Saved entries
--------------------

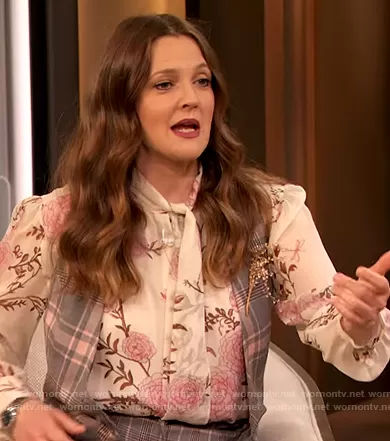 Drew Barrymore on The Drew Barrymore Show on CBS was spotted wearing this floral print tie neck blouse on The Drew Barrymore Show on May 05 2021's episode. Drew's Top is the Floral Print Silk Blouse by Giambattista Valli.
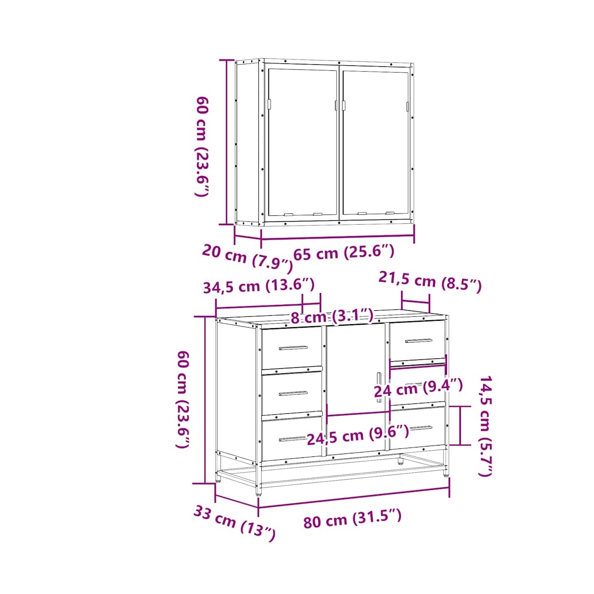 - Dimensiones del armario del lavabo: 80 x 33 x 60 cm (ancho x profundo x alto)
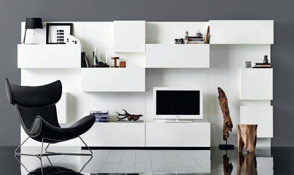 Из-за небольших размеров зала, не обязательно отказываться от использования стенок или же шкафов в интерьере. Необходимо правильно выбрать модели подобных конструкций и комната станет современной и уютной.
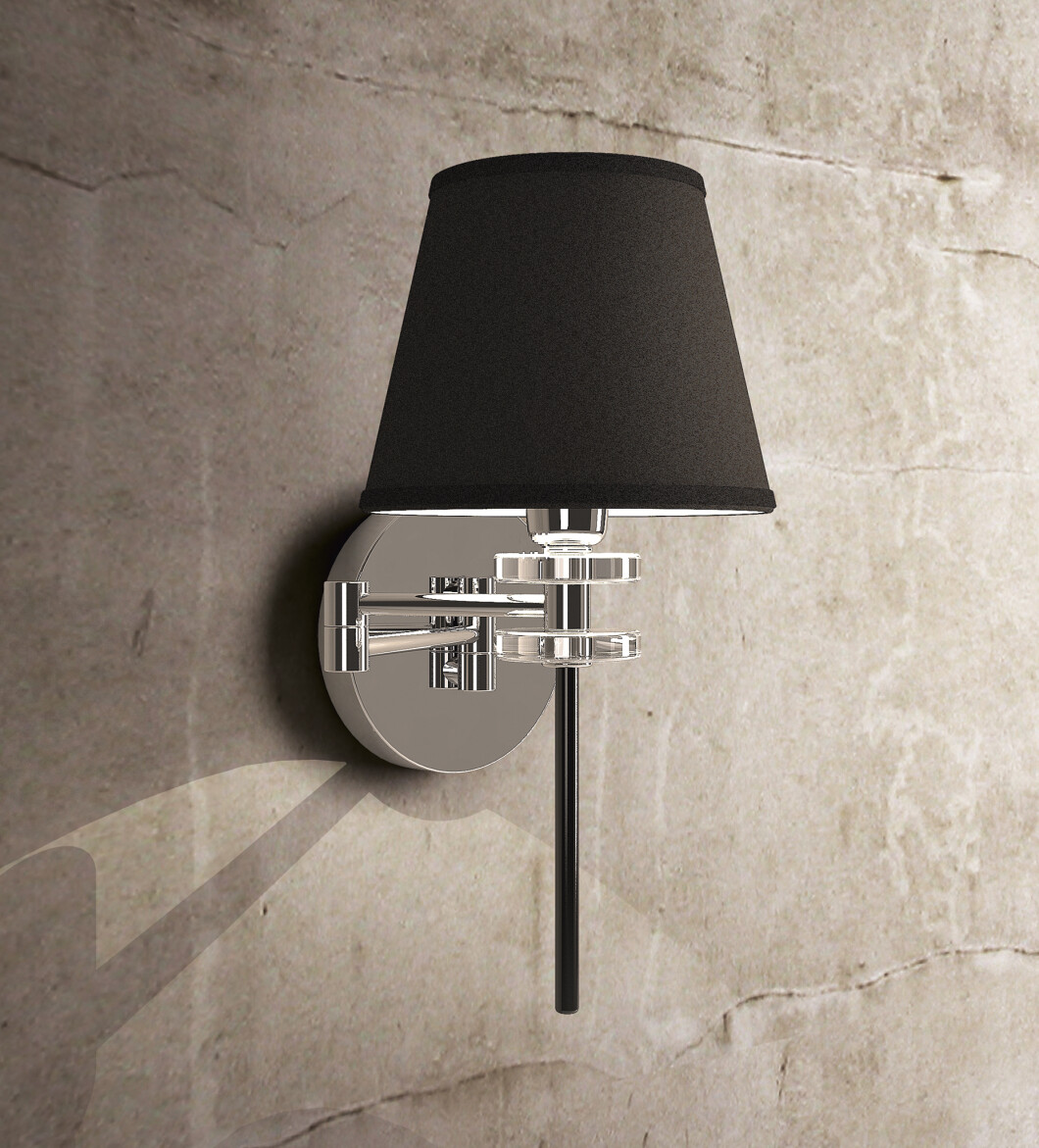 Wall lamp in metal with chrome, black or white finish and glass details. Black or white fabric shade.
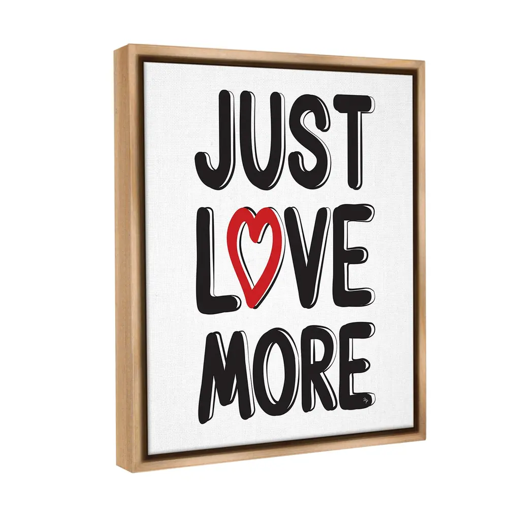 Elevate your home or office to the next level with Stupell Framed Floating Canvas Wall Art. Our premium hand-stretched canvas is mounted securely into a sturdy lightweight frame. The museum-style gap between the wrapped canvas and the box frame gives the illusion of floating artwork. Stupell Wall Art is made in the USA.Features: Dimensions: 17 x 1.7 x 21 Frame, 16 x 1.5 x 20 Canvas ArtFloating Frame Canvas Products are available in sizes 17"x21" and 25"x31". All Floating Frame Canvas Products have a 1.7" Depth.Wall Art is Ready to Hang with Hardware Free Hanging. No Installation required. For Easy Set Up Lean or Layer Artwork on Shelf or Against Wall. Artwork is Permently Fixed into the Frame.Our elevated 1.7" Thick Floating Frame is the perfect complement to our canvas style Wall Art. We use only the highest quality inks in house with industry leading printing solutions. Canvas is hand stretched over a durable wood foundation and then mounted securly into a Modern Box Frame. Made in the USA.Artwork Relates To: Phrase, Heart, Love, Bold, Inspirational, Just Love MoreDesign by Martina Pavlova
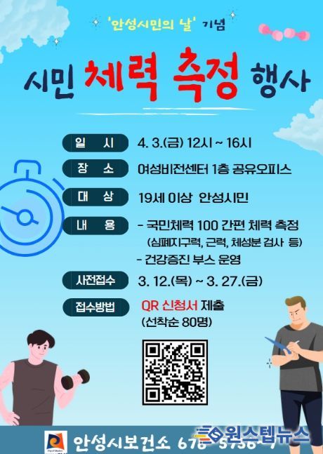 이번 행사는 오는 4월 3일 오후 12시부터 4시까지 안성시 여성비전센터 1층 공유오피스에서 진행된다. 현장에서는 체력 측정뿐만 아니라 심뇌혈관 질환 예방, 신체활동, 금연, 구강 관리 등 건강 인식 향상을 위한 다양한 건강증진 부스도 함께 운영될 예정이다.
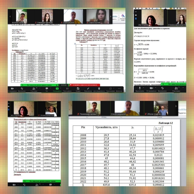 Під час проходження навчальної практики кожен здобувач вищої освіти отримав індивідуальне завдання щодо проведення статистичного дослідження результативних показників й індикаторів виробництва окремих видів продукції сільськогосподарськими підприємствами в розрізі областей України.
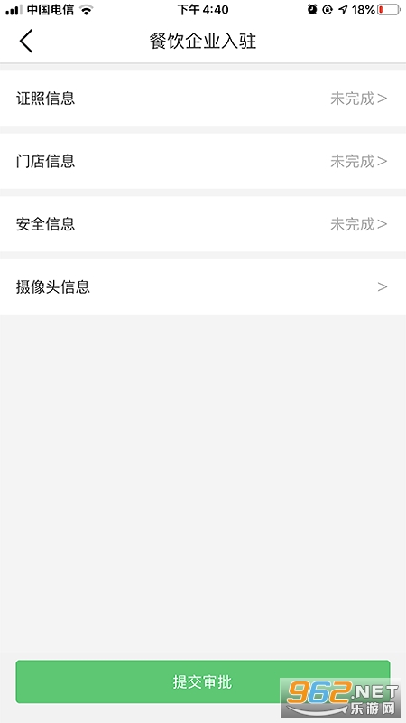 3、只需要完成证照信息,门店信息,安全信息以及摄像头信息的填写就可以申请入驻。
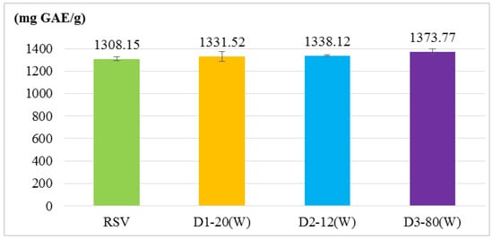 Total phenolic content of RSV and RSV transfersomes (D1–20(W), D2–12(W), and D3–80(W) groups). Total flavonoid content was measured by the Folin–Ciocalteu method and the results are presented as gallic acid equivalent (GAE). The 40 μL of sample was reacted with 40 μL of 2 N Folin-Ciocalteu reagent in a total volume of 600 μL. The values are means ± SD.

--------------------

What needs to be done: From the first line of the entries above down to the line holding "이번 행사는 오는 4월", quote each line exactly and nothing else, skipping pictures.

Completed exercise:
 Drew Barrymore on The Drew Barrymore Show on CBS was spotted wearing this floral print tie neck blouse on The Drew Barrymore Show on May 05 2021's episode. Drew's Top is the Floral Print Silk Blouse by Giambattista Valli.
 - Dimensiones del armario del lavabo: 80 x 33 x 60 cm (ancho x profundo x alto)
 Из-за небольших размеров зала, не обязательно отказываться от использования стенок или же шкафов в интерьере. Необходимо правильно выбрать модели подобных конструкций и комната станет современной и уютной.
 Wall lamp in metal with chrome, black or white finish and glass details. Black or white fabric shade.
 Elevate your home or office to the next level with Stupell Framed Floating Canvas Wall Art. Our premium hand-stretched canvas is mounted securely into a sturdy lightweight frame. The museum-style gap between the wrapped canvas and the box frame gives the illusion of floating artwork. Stupell Wall Art is made in the USA.Features: Dimensions: 17 x 1.7 x 21 Frame, 16 x 1.5 x 20 Canvas ArtFloating Frame Canvas Products are available in sizes 17"x21" and 25"x31". All Floating Frame Canvas Products have a 1.7" Depth.Wall Art is Ready to Hang with Hardware Free Hanging. No Installation required. For Easy Set Up Lean or Layer Artwork on Shelf or Against Wall. Artwork is Permently Fixed into the Frame.Our elevated 1.7" Thick Floating Frame is the perfect complement to our canvas style Wall Art. We use only the highest quality inks in house with industry leading printing solutions. Canvas is hand stretched over a durable wood foundation and then mounted securly into a Modern Box Frame. Made in the USA.Artwork Relates To: Phrase, Heart, Love, Bold, Inspirational, Just Love MoreDesign by Martina Pavlova
 이번 행사는 오는 4월 3일 오후 12시부터 4시까지 안성시 여성비전센터 1층 공유오피스에서 진행된다. 현장에서는 체력 측정뿐만 아니라 심뇌혈관 질환 예방, 신체활동, 금연, 구강 관리 등 건강 인식 향상을 위한 다양한 건강증진 부스도 함께 운영될 예정이다.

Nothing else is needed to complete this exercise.